_What this task involves:_
Give again, exactly as written, each line of the material below starting at the line that contains "道路や自転車が多い商店街を歩" and ending at the line that contains "Deze Little Dutch". Both ends count, and no other line does.

_The data:_
▼
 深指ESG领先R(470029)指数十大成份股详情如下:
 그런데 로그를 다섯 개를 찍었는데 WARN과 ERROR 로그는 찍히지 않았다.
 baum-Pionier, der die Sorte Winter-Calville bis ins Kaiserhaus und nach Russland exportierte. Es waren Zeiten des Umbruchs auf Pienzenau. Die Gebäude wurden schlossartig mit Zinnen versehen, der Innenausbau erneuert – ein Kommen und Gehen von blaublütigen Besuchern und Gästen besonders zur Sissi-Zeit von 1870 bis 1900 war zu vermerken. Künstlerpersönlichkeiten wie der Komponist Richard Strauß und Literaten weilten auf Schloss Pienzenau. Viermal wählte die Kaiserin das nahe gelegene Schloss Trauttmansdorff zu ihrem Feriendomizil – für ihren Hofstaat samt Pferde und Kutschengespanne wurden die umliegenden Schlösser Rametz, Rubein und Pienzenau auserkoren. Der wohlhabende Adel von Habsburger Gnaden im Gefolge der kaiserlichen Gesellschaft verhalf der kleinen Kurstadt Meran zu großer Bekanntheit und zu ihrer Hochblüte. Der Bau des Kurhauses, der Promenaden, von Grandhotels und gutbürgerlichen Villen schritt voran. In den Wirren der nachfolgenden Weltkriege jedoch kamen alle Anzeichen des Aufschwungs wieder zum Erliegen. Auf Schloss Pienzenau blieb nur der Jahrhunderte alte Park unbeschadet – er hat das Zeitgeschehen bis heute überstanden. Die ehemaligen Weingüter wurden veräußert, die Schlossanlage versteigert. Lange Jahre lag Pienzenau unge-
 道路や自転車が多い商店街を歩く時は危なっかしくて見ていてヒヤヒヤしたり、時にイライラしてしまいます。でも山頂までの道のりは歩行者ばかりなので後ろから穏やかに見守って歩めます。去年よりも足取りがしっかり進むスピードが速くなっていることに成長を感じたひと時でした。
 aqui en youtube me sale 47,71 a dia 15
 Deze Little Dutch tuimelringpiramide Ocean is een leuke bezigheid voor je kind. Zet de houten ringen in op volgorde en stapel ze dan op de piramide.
▲
▼
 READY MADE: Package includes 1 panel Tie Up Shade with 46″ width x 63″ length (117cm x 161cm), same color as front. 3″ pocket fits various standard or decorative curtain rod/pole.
▲
▼
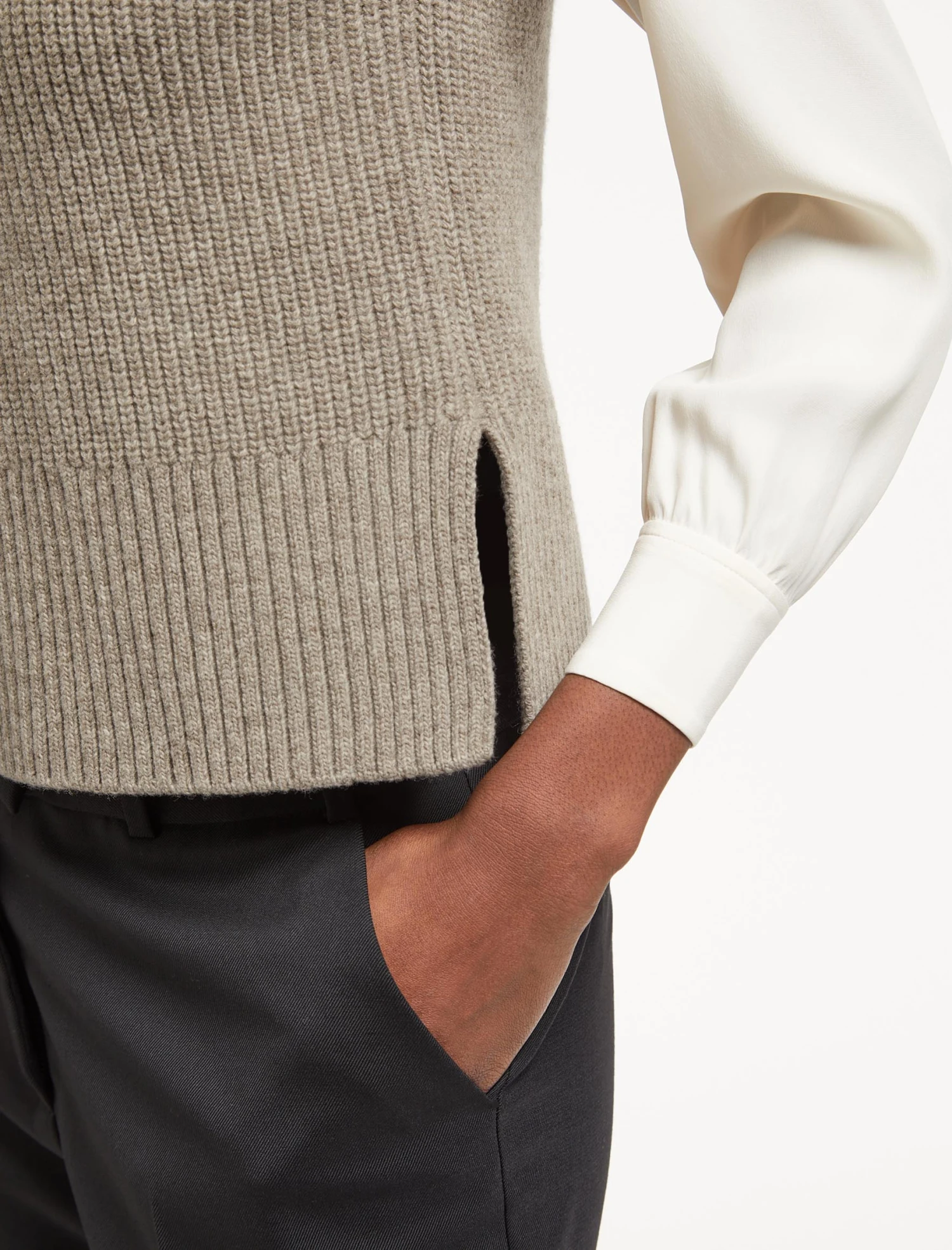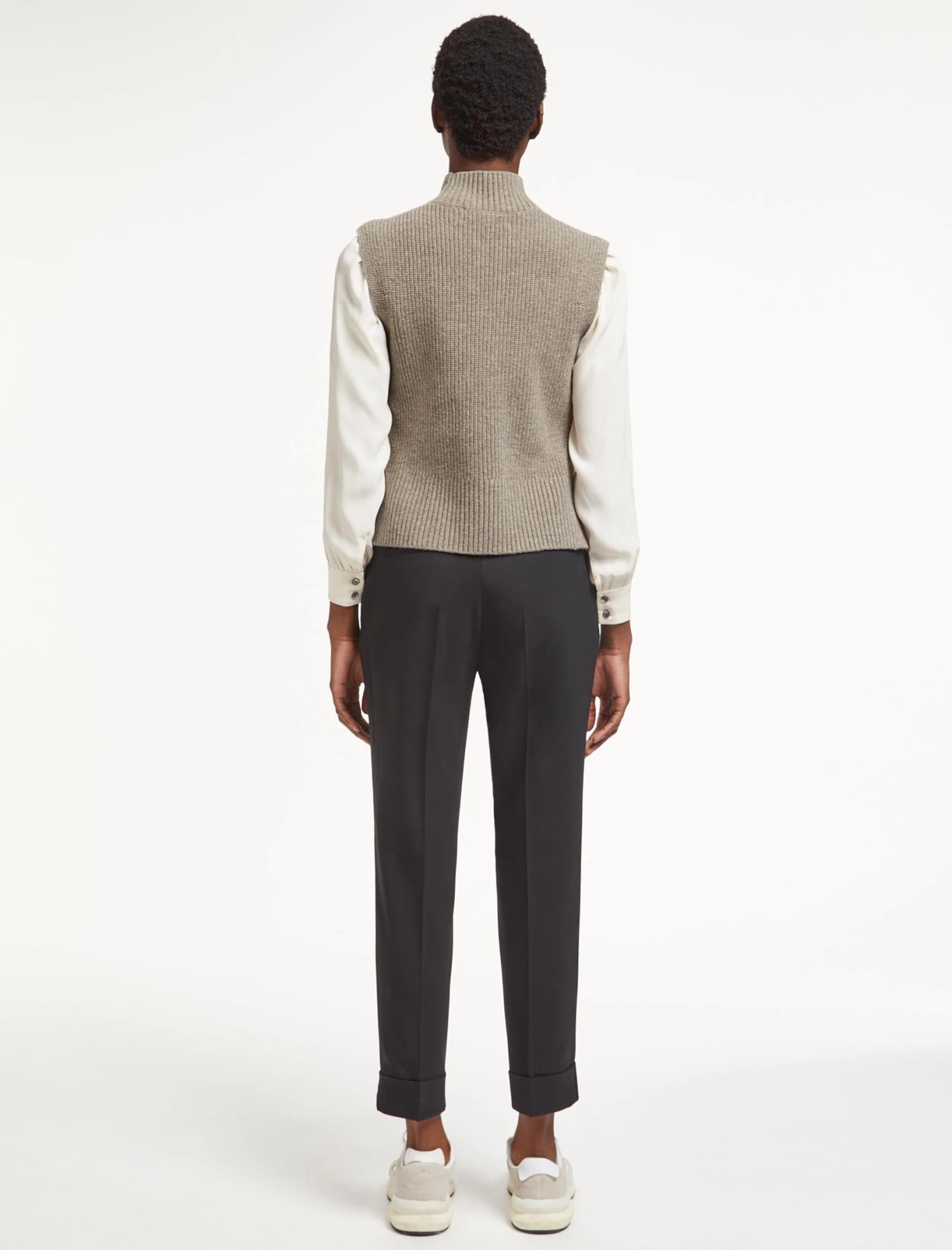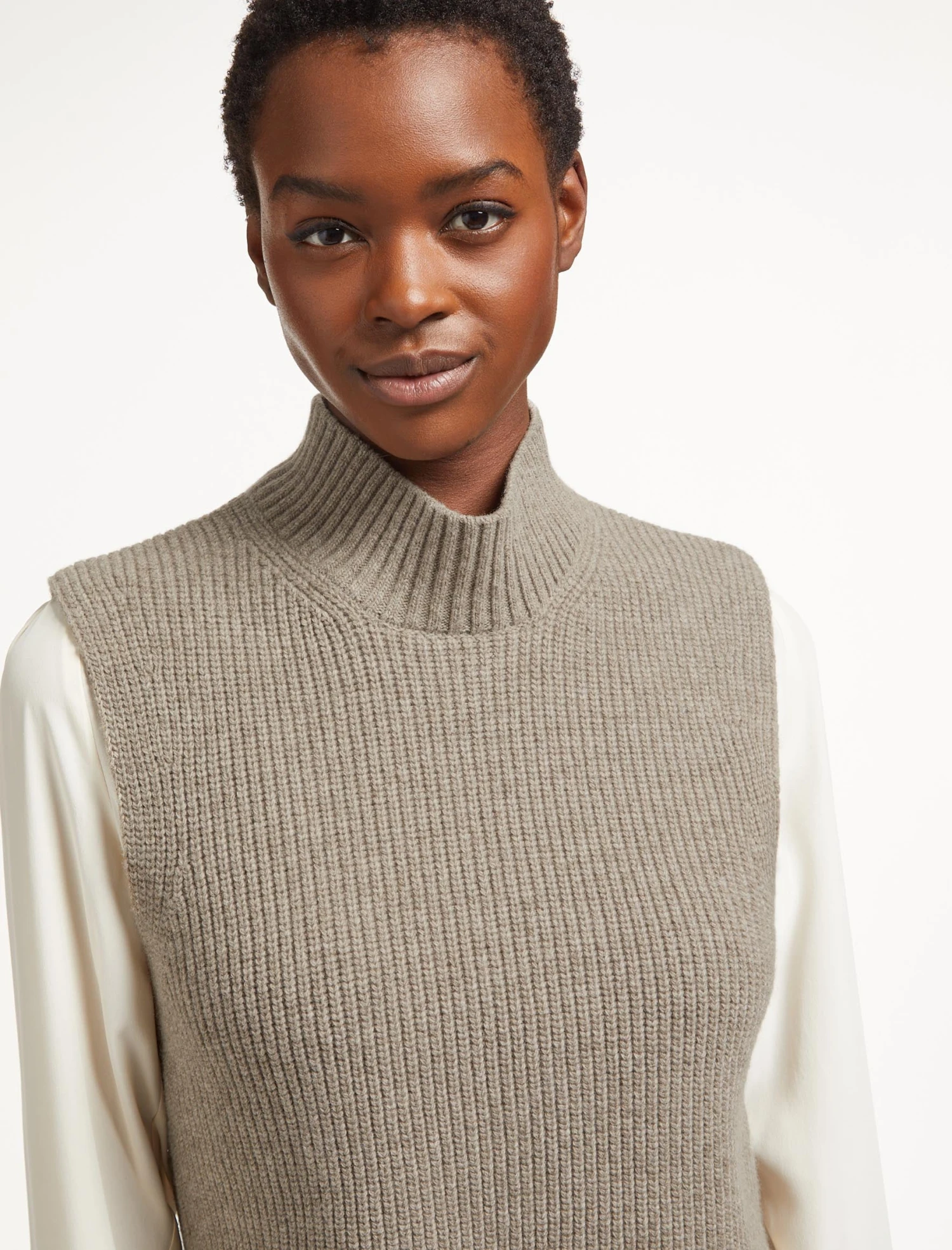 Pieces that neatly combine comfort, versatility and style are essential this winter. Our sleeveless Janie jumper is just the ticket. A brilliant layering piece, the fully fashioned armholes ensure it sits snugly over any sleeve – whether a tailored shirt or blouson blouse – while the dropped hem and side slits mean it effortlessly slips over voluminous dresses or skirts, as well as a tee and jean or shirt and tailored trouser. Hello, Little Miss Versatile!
▲
_Task output:_
 道路や自転車が多い商店街を歩く時は危なっかしくて見ていてヒヤヒヤしたり、時にイライラしてしまいます。でも山頂までの道のりは歩行者ばかりなので後ろから穏やかに見守って歩めます。去年よりも足取りがしっかり進むスピードが速くなっていることに成長を感じたひと時でした。
 aqui en youtube me sale 47,71 a dia 15
 Deze Little Dutch tuimelringpiramide Ocean is een leuke bezigheid voor je kind. Zet de houten ringen in op volgorde en stapel ze dan op de piramide.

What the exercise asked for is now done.